The mortgage executed by the widow legally covered the south 72.8 feet of the land that had lost its homestead character and was conveyed to the wife by the deeds of May 14, 1929; but such mortgage is not valid as to the homestead property at the death of the owner in August, 1931.

However, in assigning dower in the homestead property, expenditures made by the widow in permanent necessary repairs to the property may be adjusted when the property is partitioned and dower therein assigned. If the proceeds of the mortgage were in whole or in part used in making necessary permanent repairs to the homestead, the allowance *10 therefor to the widow for so using proceeds of the mortgage will enable the widow to proportionately pay therewith the mortgage as equity demands.

The finding as to adjustments of taxes paid by the widow on the homestead and the 72.8 feet not now included in the homestead, is not shown to be inequitable or erroneous.

The decree is affirmed except in so far as it adjudges the homestead property, not including the 72.8 feet nor of the south line of the original homestead tract, to be subject to the O'Neal mortgage.

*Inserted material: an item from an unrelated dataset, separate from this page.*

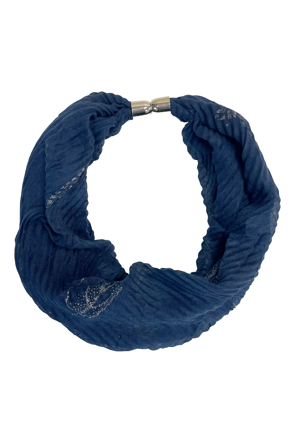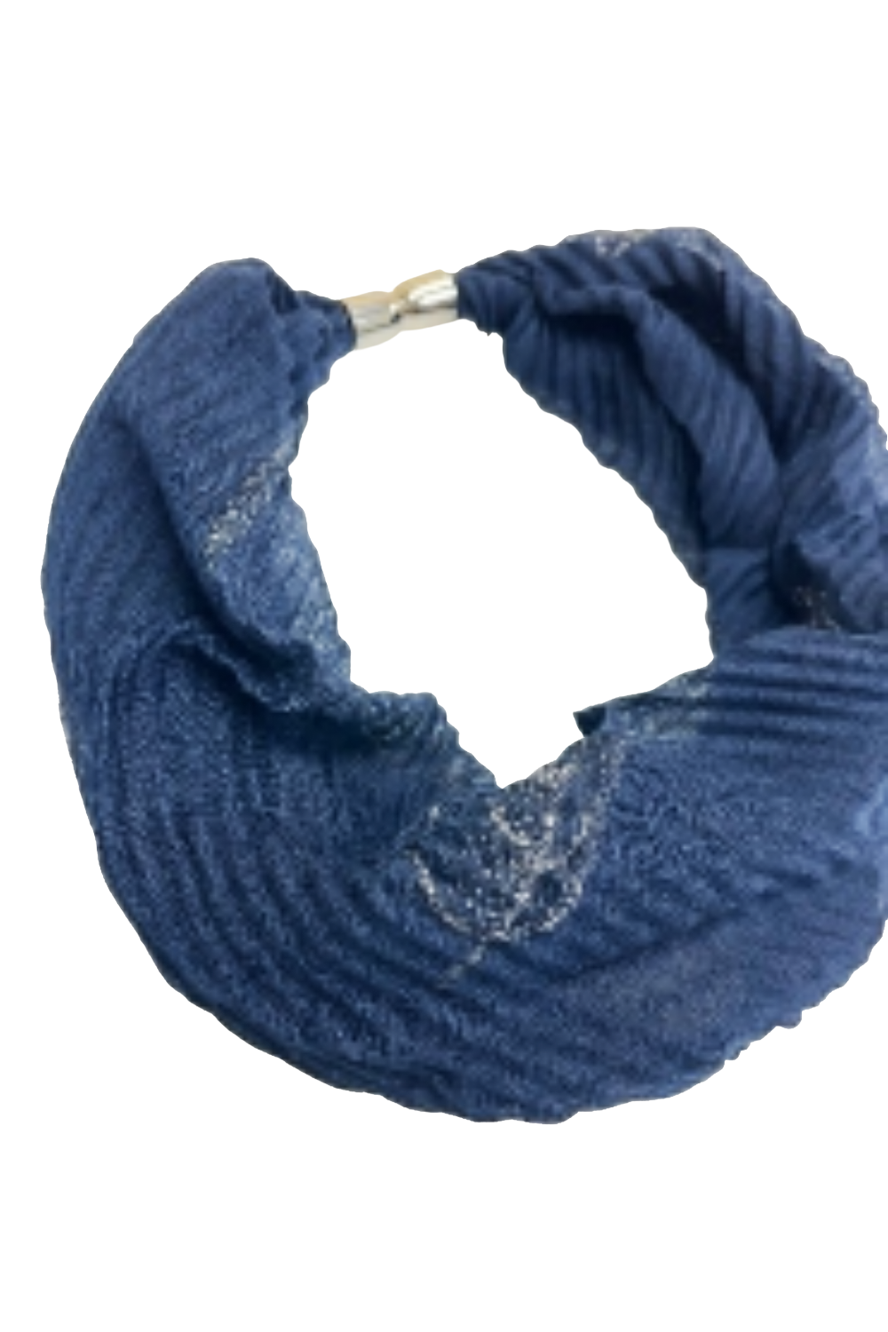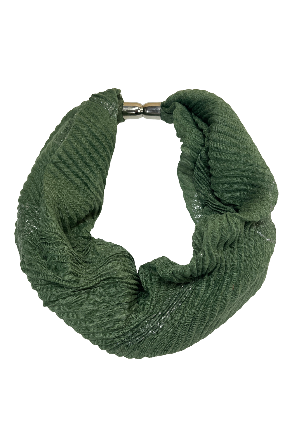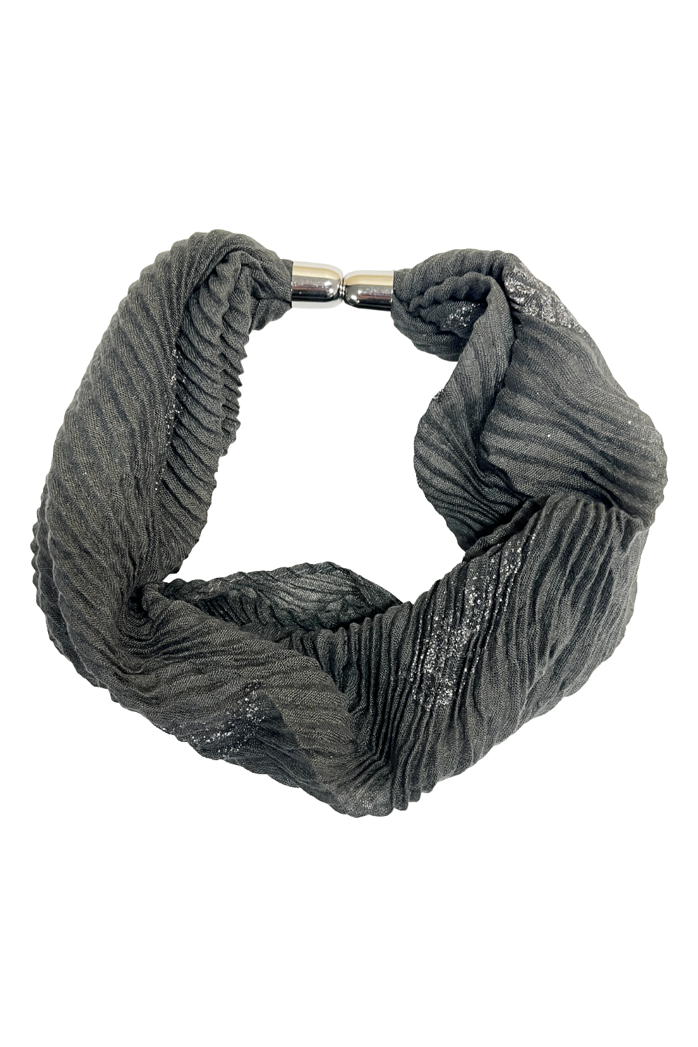 The Small Glitter Leaf Magnetic Scarf is made from soft pleated fabric, decorated with a subtle glitter leaf pattern. Complete with a handy magnetic clasp, this lightweight scarf is perfect for adding seasonal sparkle and warmth to autumn-winter looks.

Such provision of the decree so excepted from the affirmance is hereby reversed and the cause is remanded for appropriate proceedings.

IT IS SO ORDERED.

BROWN and CHAPMAN, J.J., concur.

TERRELL, C.J., and BUFORD, J., concur in the opinion and judgment.

THOMAS, J., not participating, as authorized by Section 4687, Compiled General Laws of 1927, and Rule 21-A of the Rules of this Court.